Сначала поездом в зеленый Париж. Потом в Италию. Потом поплыл из Брундизи Средиземным морем по синим волнам. И вот теперь – пошел. В желтые пески. Туда, где ждала его самая светлая, самая волшебная, самая последняя и бессмертная, страдающая и обиженная краса мира, – в пустыню.

Лев-змей

Перед отъездом из Лондона он зашел в лавочку древностей и купил веер. Продавец, похожий на диккенсовского персонажа, с седеющими пушистыми бакенбардами во всю щеку и морщинистыми как у беркута подглазьями, не торопясь и степенно объяснил ему, что вещь эта старинная и привезена с Востока. Он развернул веер, и на зеленый шелк взлетел алый дракон. Владимир Сергеевич вспомнил, что едет в страны жаркие, и веер купил.

Теперь он лежал у него в глубоком кармане плаща, больше похожего на пальто. Он шел уже целый день и очень устал. Солнце начинало клониться к неровной линии горизонта, отчего серые пески стали отсвечивать золотой зеленью и тянуть фиолетовой тенью. Несколько раз он садился отдохнуть прямо в песок, прислоняясь к большим камням, которые ему время от времени попадались на пути. Ветра не было совсем, и весь день палило солнце. Он сидел под камнем, обливаясь потом, и обмахивался веером с алым драконом. Сначала дракон двигался вместе с веером, а потом начал отставать, не совпадать с ритмом, увеличиваться и подлетать в воздух. Там он махал короткими крыльями и разворачивался вокруг невидимой оси.
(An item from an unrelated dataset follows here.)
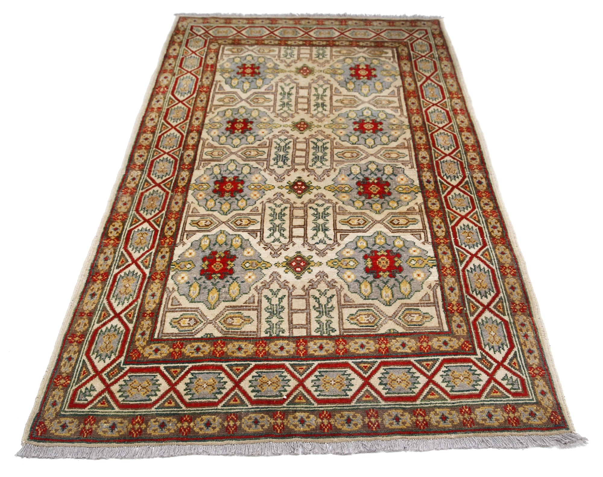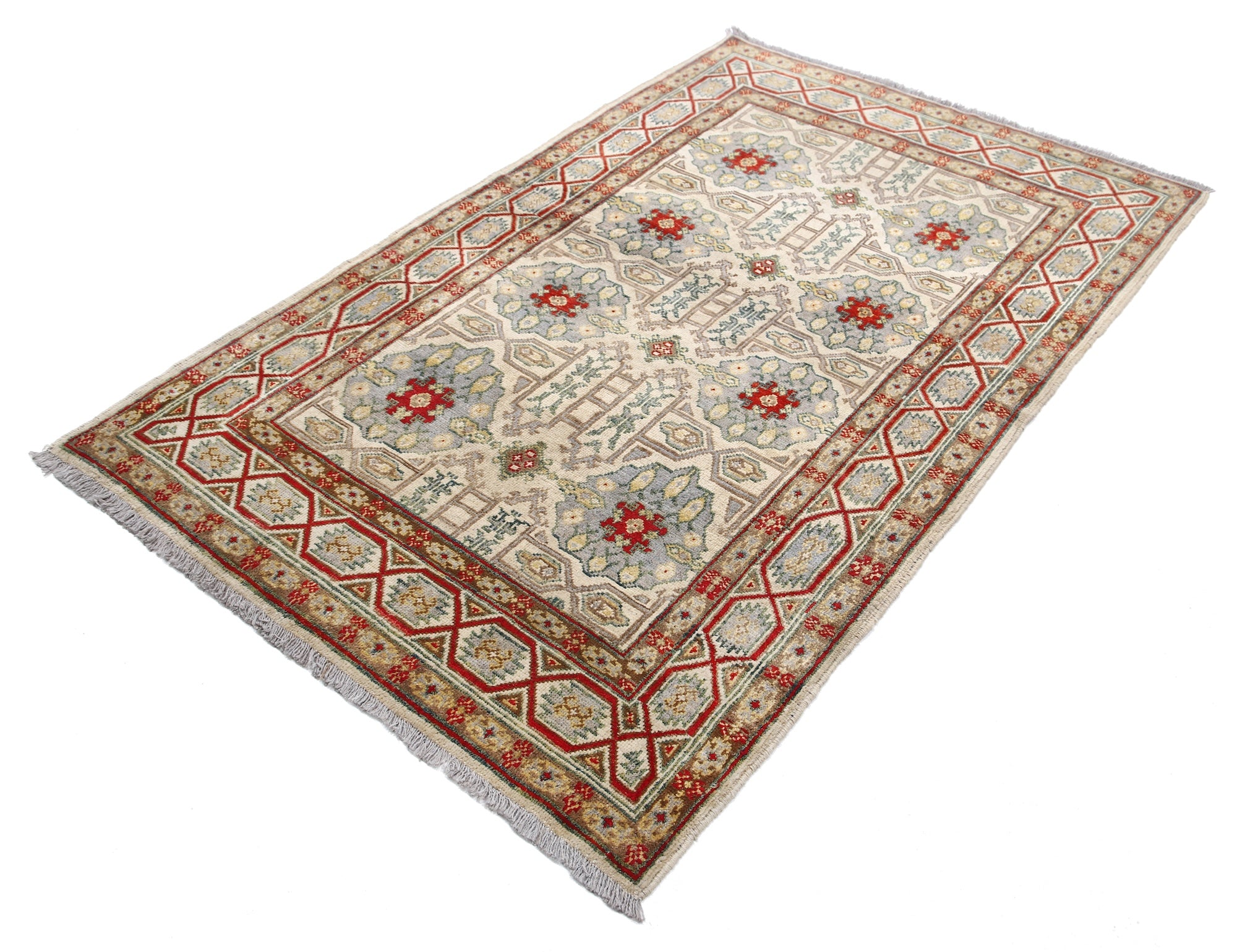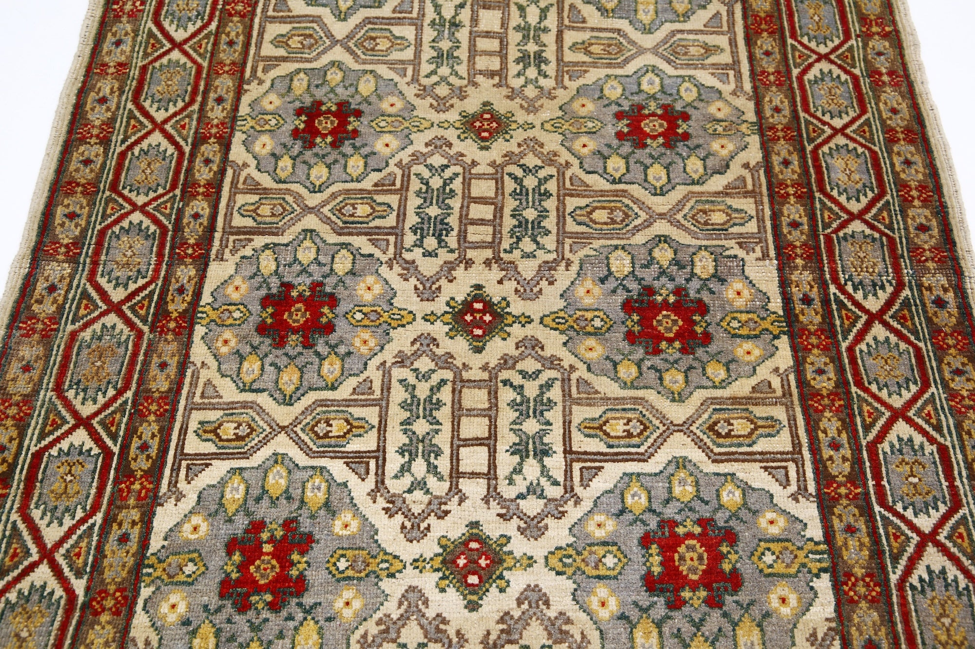 This artisan-crafted Afghan wool rug features a striking geometric tribal pattern, renowned for its cultural heritage and timeless appeal. Expertly hand-knotted by skilled weavers, it offers superior durability, making it perfect for high-traffic areas. Its intricate design and premium wool blend traditional craftsmanship with modern elegance, adding warmth and character to any space.

Таким образом он хранил своего хозяина, время от времени оглядываясь вокруг и впуская и выпуская кошачьи когти, пропитанные самурайским ядом.

Поскольку то, что произошло дальше, является никакой не выдумкой, а чистой правдой, но обычными словами изложено быть не может, то мы для того, чтобы хотя бы попытаться быть понятыми, перестанем рассказывать сказки и байки про масонские ложи и каббалистические секреты, а вместе с философом поднимем веер, делая вид, что не замечаем расположившихся неподалеку четырех музыкантов, а также снующих вокруг ангелов-курумба, служителей пустыни, помогающих событию происходить так, как это было задумано тем, кто в это событие решил впутаться и ввязаться, то есть самим участником. Потому что, как только появляется у любого из нас мысль и решимость ее осуществить, тотчас появляются вокруг нас ангелы-исполнители, и хотя мы их прекрасно видим, но все равно внушаем себе изо всех сил, что это не ангелы, а скажем, порывы ветра, или шум платья, или что это, например, фольга от съеденной конфетки тонко позванивает на асфальте. И делаем мы это не в силу каких-то врожденных и разнообразных поэтических фантазий, а всего лишь для того, чтоб оставаться жертвой обстоятельств, потому что это делает нас по-восточному женственными. Но как только мы поднимаем веер, приходят в движение ангелы, появляется из-за куч песка отряд бедуинов-кочевников, не то чтобы очень уж агрессивных, но все же людей решительных и вооруженных.

Хай-хай! Они погоняли верблюдов и кружили вокруг вскочившего на ноги путешественника. Лица семерых кочевников были закутаны в полосатые платки, спускавшиеся до пояса, а за плечами двоих бились в такт верблюжьей рыси отличные английские винтовки последнего образца. Хай! Круги сужались, и один из всадников сдернул винтовку с плеча. Хай-олла! За мягкими подошвами бегущих по кругу зверей взвивались в воздух фонтанчики песка, ковры, покрывавшие верблюжьи спины, хлопали о бока, а всадники раскачивались наверху, балансируя головами, замотанными полосатыми тряпками. Философ спрятал веер в карман и поднял вверх раскрытые ладони. Он улыбался. Кочевники кружили вокруг него, но почему-то не приближались. «I am your friend, – сказал философ. – Don’t be afraid». «Are you a man? – спросил один из всадников с сильным акцентом, стараясь не смотреть в глаза странному черному человеку в высокой шляпе и словно бы черными крыльями за плечами, машущими в поднявшемся ветре. – Are you а devil? Are you а shaitan?»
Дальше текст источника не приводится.